ACTIVITY
Starting at the line that contains "react-native-web과 react-dom을 설치하라고 함!" and stopping at the line that contains "本次学习会中,首先向参会工作", restate each line of the records below exactly. Omit the pictures.

DATA EXTRACT

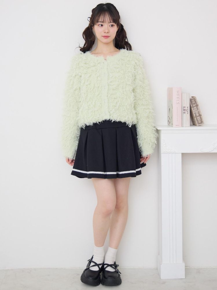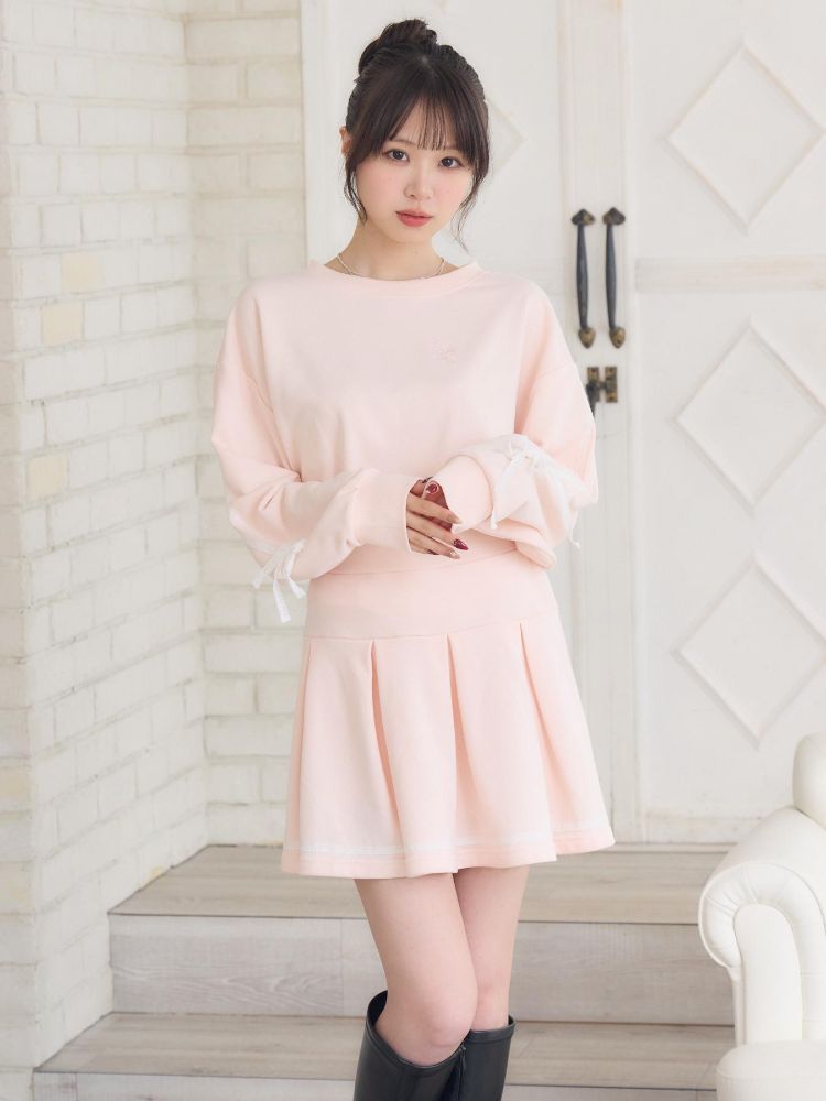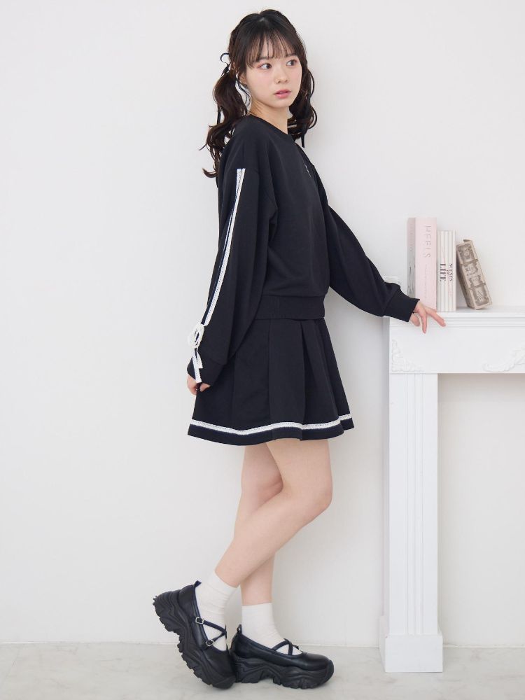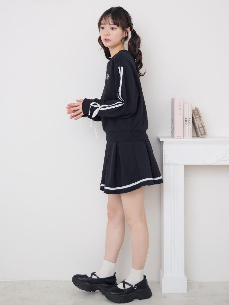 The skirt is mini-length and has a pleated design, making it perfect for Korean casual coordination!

--

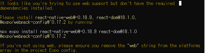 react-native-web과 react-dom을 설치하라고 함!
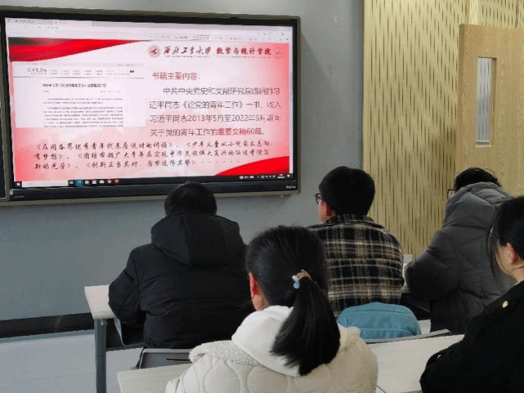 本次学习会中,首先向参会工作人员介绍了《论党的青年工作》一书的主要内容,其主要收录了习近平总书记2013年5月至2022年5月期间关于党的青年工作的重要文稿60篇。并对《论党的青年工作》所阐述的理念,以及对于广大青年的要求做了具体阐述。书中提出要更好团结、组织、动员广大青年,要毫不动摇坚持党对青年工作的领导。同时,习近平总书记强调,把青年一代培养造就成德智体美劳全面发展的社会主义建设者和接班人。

==

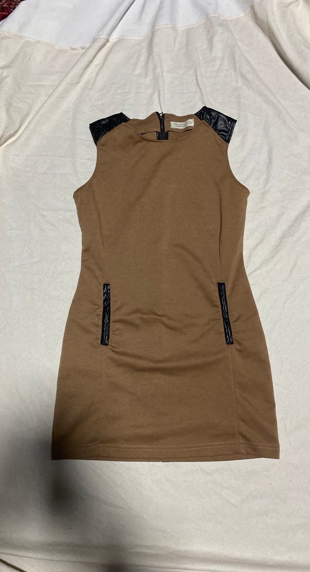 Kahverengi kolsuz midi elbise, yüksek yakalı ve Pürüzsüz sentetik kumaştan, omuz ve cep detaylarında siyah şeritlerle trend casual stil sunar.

RESPONSE TO THIS TASK
 react-native-web과 react-dom을 설치하라고 함!
 本次学习会中,首先向参会工作人员介绍了《论党的青年工作》一书的主要内容,其主要收录了习近平总书记2013年5月至2022年5月期间关于党的青年工作的重要文稿60篇。并对《论党的青年工作》所阐述的理念,以及对于广大青年的要求做了具体阐述。书中提出要更好团结、组织、动员广大青年,要毫不动摇坚持党对青年工作的领导。同时,习近平总书记强调,把青年一代培养造就成德智体美劳全面发展的社会主义建设者和接班人。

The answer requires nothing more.